In this First Break article, published in October 2024, TGS experts present a novel workflow for developing a basin-scale stratigraphic architecture for defining the major saline reservoirs and sealing units within a basin.

Introduction

Carbon Capture and Storage (CCS) is a proven and safe technology that involves capturing (purifying) carbon dioxide (CO2) released from point emission sources or directly removed
from the atmosphere, compressing it for transportation and then injecting it into a carefully selected subsurface reservoir for permanent storage. The success of CO2 storage relies heavily on the identification and characterisation of suitable subsurface reservoirs for secure and permanent storage. Geologic formations, whether they are depleted hydrocarbon or deep saline reservoirs, present unique challenges and opportunities for CO2 storage. The advantages of saline reservoirs over depleted hydrocarbon reservoirs include potential access to a large volume of available pore space, and a smaller number of well penetrations, which results in reduced risks of potential leakage pathways through these wells. However, the lack of comprehensive reservoir data in saline reservoirs increases uncertainty in defining reservoir confinement, cap rock integrity, and fluid flow behaviour.

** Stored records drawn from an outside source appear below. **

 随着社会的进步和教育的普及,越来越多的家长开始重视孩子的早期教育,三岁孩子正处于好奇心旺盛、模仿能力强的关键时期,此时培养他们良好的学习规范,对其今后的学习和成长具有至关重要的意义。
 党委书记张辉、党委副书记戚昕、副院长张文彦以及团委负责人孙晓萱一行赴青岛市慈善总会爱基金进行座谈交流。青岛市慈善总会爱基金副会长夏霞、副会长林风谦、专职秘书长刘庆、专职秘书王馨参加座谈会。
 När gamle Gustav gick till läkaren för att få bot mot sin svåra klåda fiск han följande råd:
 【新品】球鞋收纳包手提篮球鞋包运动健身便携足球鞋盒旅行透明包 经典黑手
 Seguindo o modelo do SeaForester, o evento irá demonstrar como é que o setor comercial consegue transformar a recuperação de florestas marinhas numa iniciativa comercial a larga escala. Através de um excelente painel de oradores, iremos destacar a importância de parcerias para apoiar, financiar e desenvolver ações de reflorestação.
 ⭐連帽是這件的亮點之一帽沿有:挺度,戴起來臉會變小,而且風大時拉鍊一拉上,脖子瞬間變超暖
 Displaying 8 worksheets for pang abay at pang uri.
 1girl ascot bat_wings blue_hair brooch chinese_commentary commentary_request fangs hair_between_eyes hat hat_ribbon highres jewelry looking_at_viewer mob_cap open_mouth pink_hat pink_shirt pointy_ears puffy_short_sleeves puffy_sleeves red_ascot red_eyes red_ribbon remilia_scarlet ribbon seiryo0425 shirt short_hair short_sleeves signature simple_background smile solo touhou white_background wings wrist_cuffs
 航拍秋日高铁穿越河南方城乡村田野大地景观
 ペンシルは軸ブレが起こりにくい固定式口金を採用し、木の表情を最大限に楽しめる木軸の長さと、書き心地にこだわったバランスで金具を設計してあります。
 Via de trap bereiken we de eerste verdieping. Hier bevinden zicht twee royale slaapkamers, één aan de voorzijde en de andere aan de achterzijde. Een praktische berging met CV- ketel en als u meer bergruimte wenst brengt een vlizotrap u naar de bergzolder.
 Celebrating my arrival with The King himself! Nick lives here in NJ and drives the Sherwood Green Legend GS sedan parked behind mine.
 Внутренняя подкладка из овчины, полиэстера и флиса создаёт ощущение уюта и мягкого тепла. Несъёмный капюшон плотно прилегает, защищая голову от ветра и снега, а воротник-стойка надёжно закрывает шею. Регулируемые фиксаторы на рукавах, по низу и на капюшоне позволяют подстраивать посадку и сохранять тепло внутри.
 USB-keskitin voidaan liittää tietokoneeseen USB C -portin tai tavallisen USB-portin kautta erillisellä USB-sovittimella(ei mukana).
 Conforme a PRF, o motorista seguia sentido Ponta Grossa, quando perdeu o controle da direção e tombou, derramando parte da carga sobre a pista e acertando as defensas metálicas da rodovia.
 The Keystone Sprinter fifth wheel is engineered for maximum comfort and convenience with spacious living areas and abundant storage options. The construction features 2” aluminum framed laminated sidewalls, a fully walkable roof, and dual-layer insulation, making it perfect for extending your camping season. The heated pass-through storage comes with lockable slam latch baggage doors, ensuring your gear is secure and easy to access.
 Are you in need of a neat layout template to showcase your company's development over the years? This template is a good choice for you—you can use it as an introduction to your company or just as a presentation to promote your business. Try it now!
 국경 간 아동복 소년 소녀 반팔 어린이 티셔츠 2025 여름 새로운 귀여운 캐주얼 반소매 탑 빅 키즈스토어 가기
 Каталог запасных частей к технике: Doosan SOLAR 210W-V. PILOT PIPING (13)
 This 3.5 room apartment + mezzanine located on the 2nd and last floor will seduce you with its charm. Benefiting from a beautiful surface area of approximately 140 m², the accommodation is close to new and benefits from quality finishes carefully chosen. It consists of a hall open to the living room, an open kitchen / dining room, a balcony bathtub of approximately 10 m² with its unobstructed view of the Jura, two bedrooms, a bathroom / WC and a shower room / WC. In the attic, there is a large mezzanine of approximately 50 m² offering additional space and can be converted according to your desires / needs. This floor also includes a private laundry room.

Therefore, saline reservoir storage assessment requires comprehensive reservoir characterisation and modelling to be carried out before large-scale CO2 storage planning is possible.

Formation Tops Picker Image - Cropped

Figure: Regional cross-sectional view of Spontaneous Potential (SP) logs displaying depositional units for basin-scale mapping. The application enabled interactive interpretation of 12 formation tops across the study area and direct saving of standardised names and cross-section numbers to a cloud database for further quality assurance.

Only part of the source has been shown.